# Is my dog pregnant or is it a false pregnancy? (hopefully) Expert answers please



## Trouble (Apr 10, 2010)

This february while I was at work my husband aparently let our two INTACT dogs out back together while my female was in heat. While I am at home I keep the 2 door rule. Long story short, they tied on the 19th of February and the 26th. NO I am not a backyard breeder. My female Carolina Dog is unable to be spayed because 5 months ago when my vet tried she almost died as soon as she went under, My male husky/pitbull mix, was just finally fixed last week through the SPCA (which we were on the waiting list forever). That puts my female at around either 7 or 8 weeks. I'm thinking she'll be due around the 20th-24th, that is if she is pregnant (which I'm hoping she's not.) The vets around me are very reluctant to do the abortion shot as it has been really bad side effects in the females. So they recommended I just let her continue on with the pregnancy. I have a couple questions so I can know if she truley is pregnant. In the begining she was throwing up a little and was really hungry. Her nipples have gotten big and the back ones have even begun to sag a little. She has become very clingy. But this last week she hasn't really been wanting to eat much (estimated 7-8 weeks) and the litle bit of food she actually does eat has to be mixed with wet food and she doesn't even eat much of that, just wants to take bites then come back for more later.
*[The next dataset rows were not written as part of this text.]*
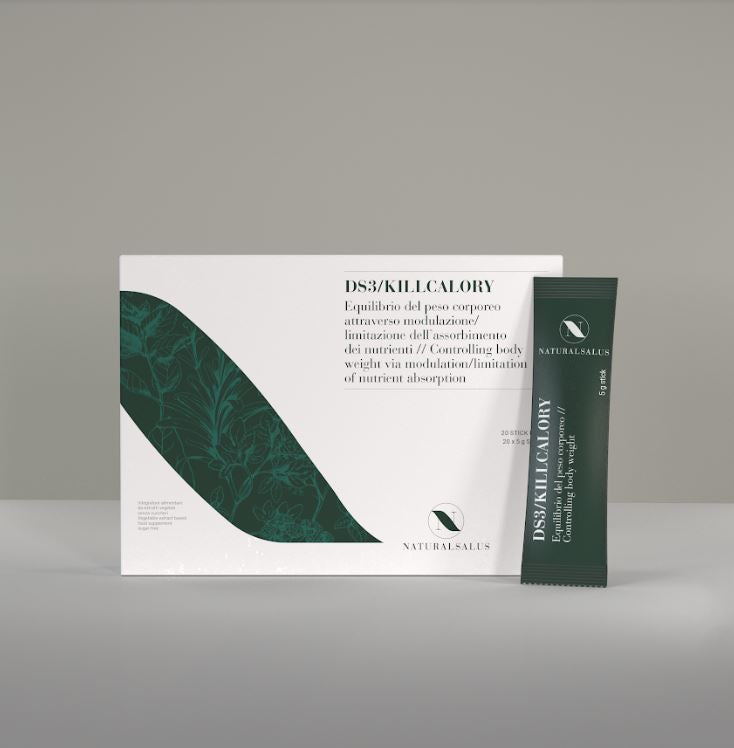 L’azione degli ingredienti presenti in DS3/KILLCALORY è in grado di limitare l’assorbimento dei nutrienti, contribuendo al controllo del perso corporeo (opuntia) e alla funzione digestiva (opuntia, zenzero, menta e finocchio)
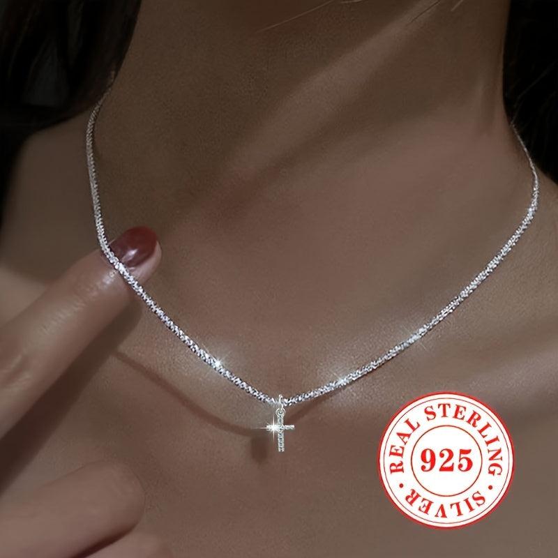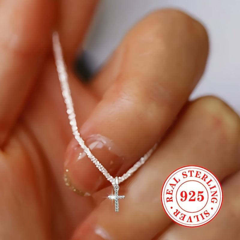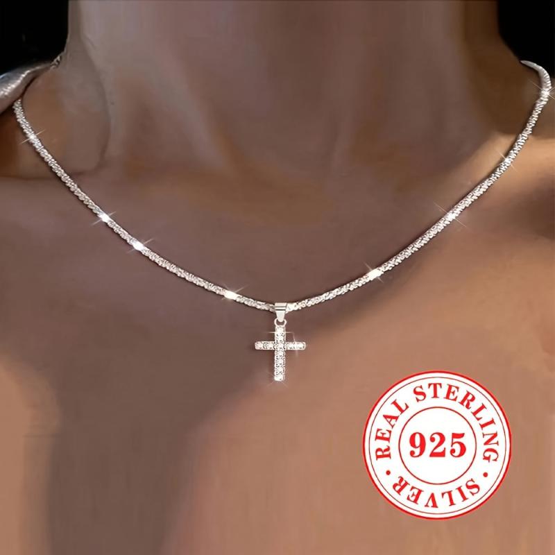 This stunning pendant necklace features a dense synthetic zirconia cross pendant on an S925 sterling silver chain. Perfect for daily wear and vacation outfits.
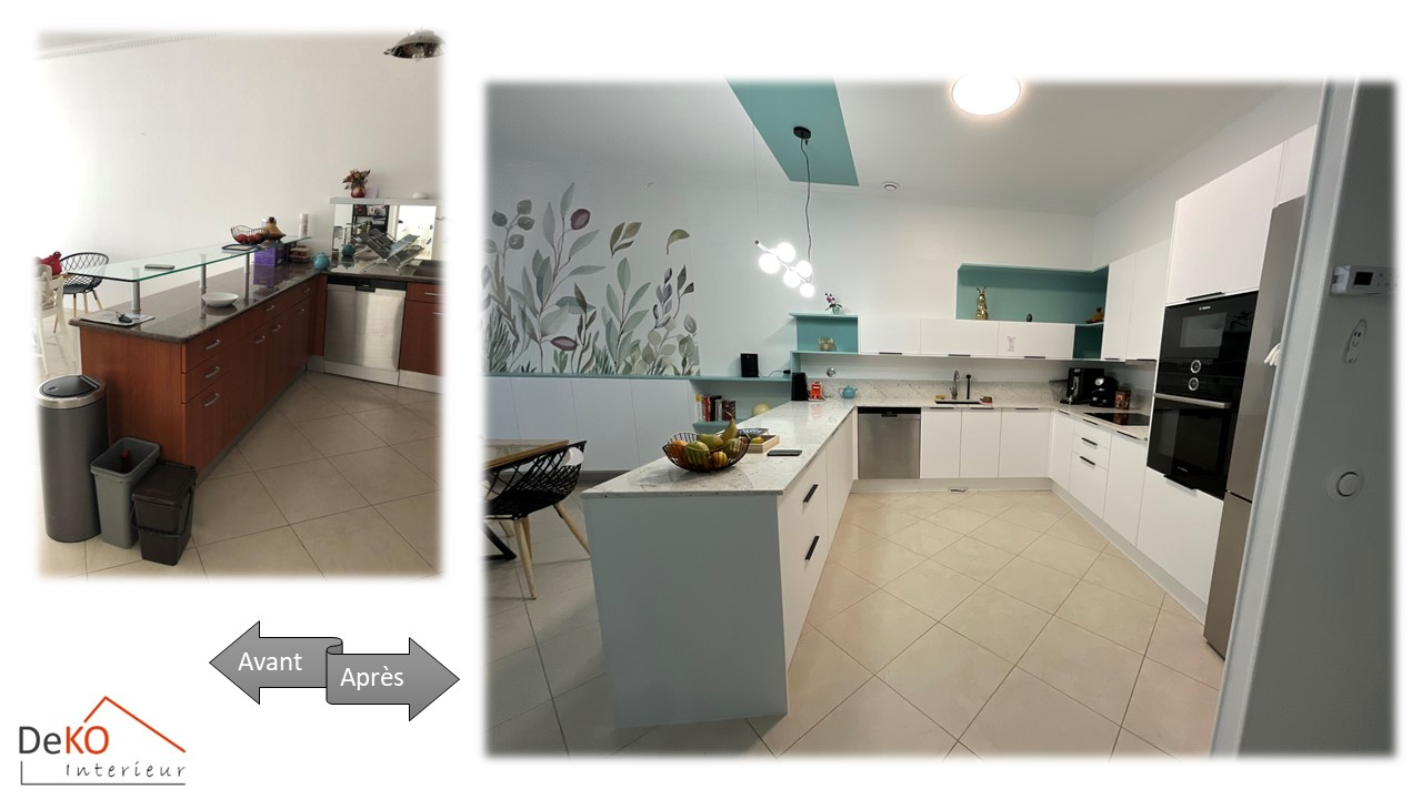 Avec le changement de couleurs cette cuisine a été transformée pour rayonner de luminosité et de modernité en plus d’avoir réglé le problème de certains meubles peu fonctionnels.
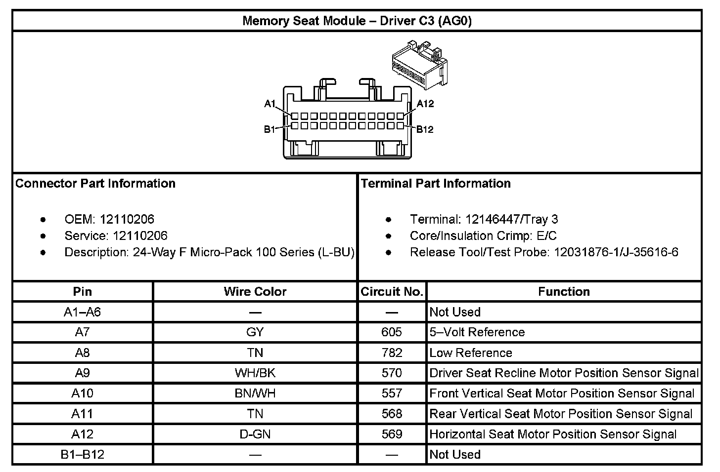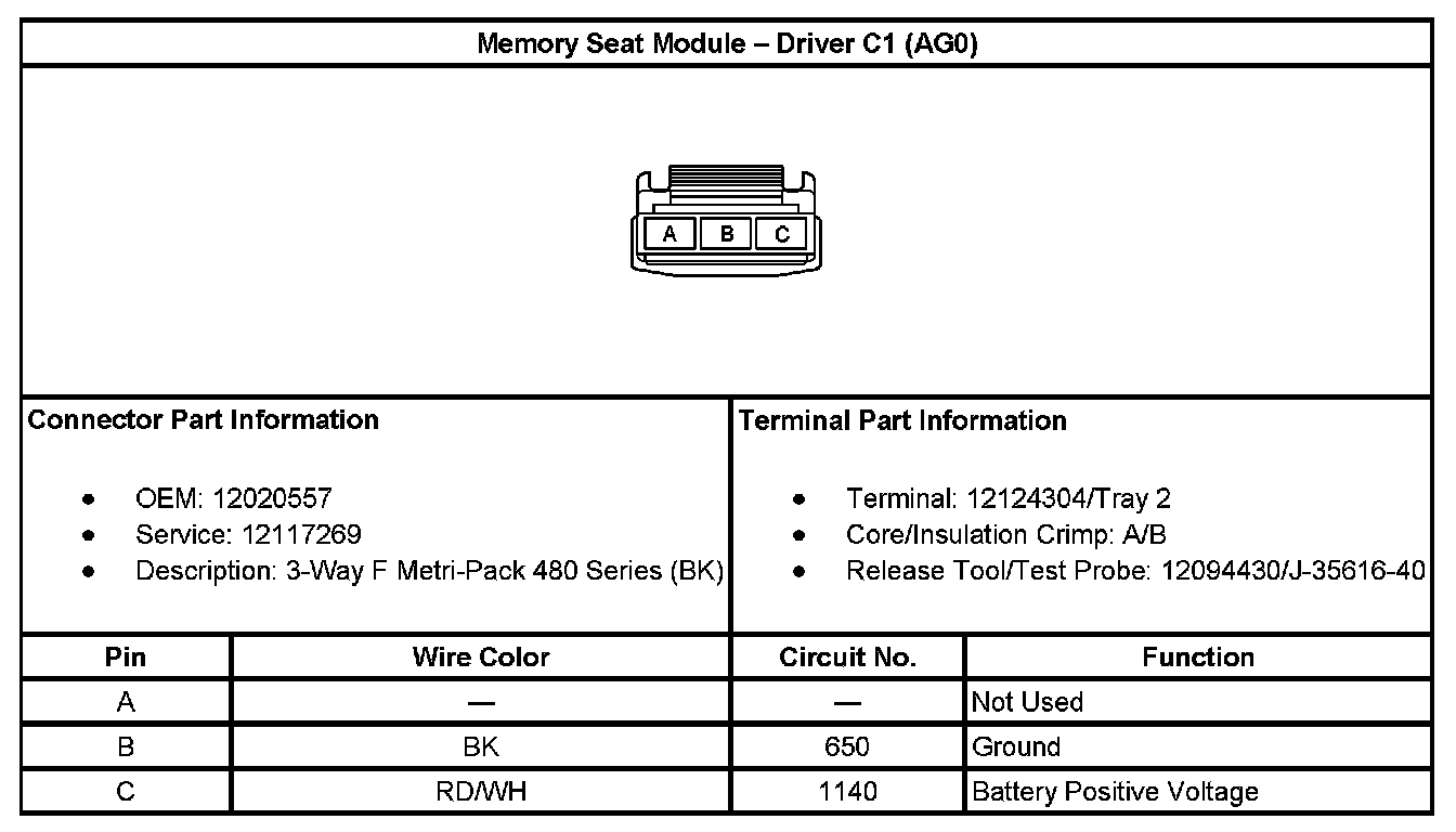 Memory Seat Module - Driver C3 (With RPO Code AG0):
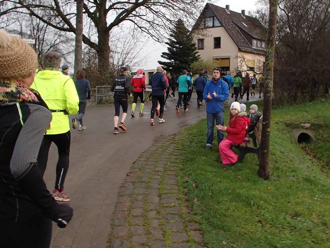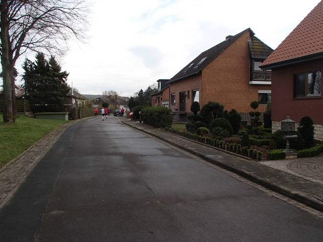 Bergwinkelsweg 10.05 Uhr / Km 0,9 Der Anfang war recht eng, da auf der ohnehin schmalen Straße noch Autos parkten. Aber schon nach 500 Metern hatte sich das Feld sortiert und Laufen war kein Problem mehr. |

And my biggest concern is she hasn't gained that much weight at all, maybe like a couple of pounds. Is it because her breed is very active and she is athletic? Or do not all dogs get round? Today I put my hand on her belly and there was something weird, the only way I can describe it is to say that it was like a grinding feeling? I know that sounds weird but, thats the noise I imagined going along with it. Is that a puppy kicking? Is she still skinny because there's only one puppy? I can't take her into my vet but there will be no more puppies after this because my male has since been fixed. Does this sound like a false pregnancy or normal?


----------



## Keechak (Aug 10, 2008)

The only way to know for sure is to get an x-ray done, If she is pregnant you'll have to get one done anyways. Bitches don't normally start showing any physical signs of pregnancy untill halfway thru, they are pregnant for 63 days


----------



## Trouble (Apr 10, 2010)

Well since she's 7-8 weeks she's way over halfway through. My vet cannot do an x-ray. There are no open appointments
so it's pretty frustrating


----------



## Keechak (Aug 10, 2008)

you live in Cali, there MUST be other vets around.


----------



## Active Dog (Jan 18, 2010)

This might sound silly, but can you put your hand on her tummy and feel anything?


----------



## Willowy (Dec 10, 2007)

There must be other vets in the area. No reason to stick with a vet that provides crummy customer service. 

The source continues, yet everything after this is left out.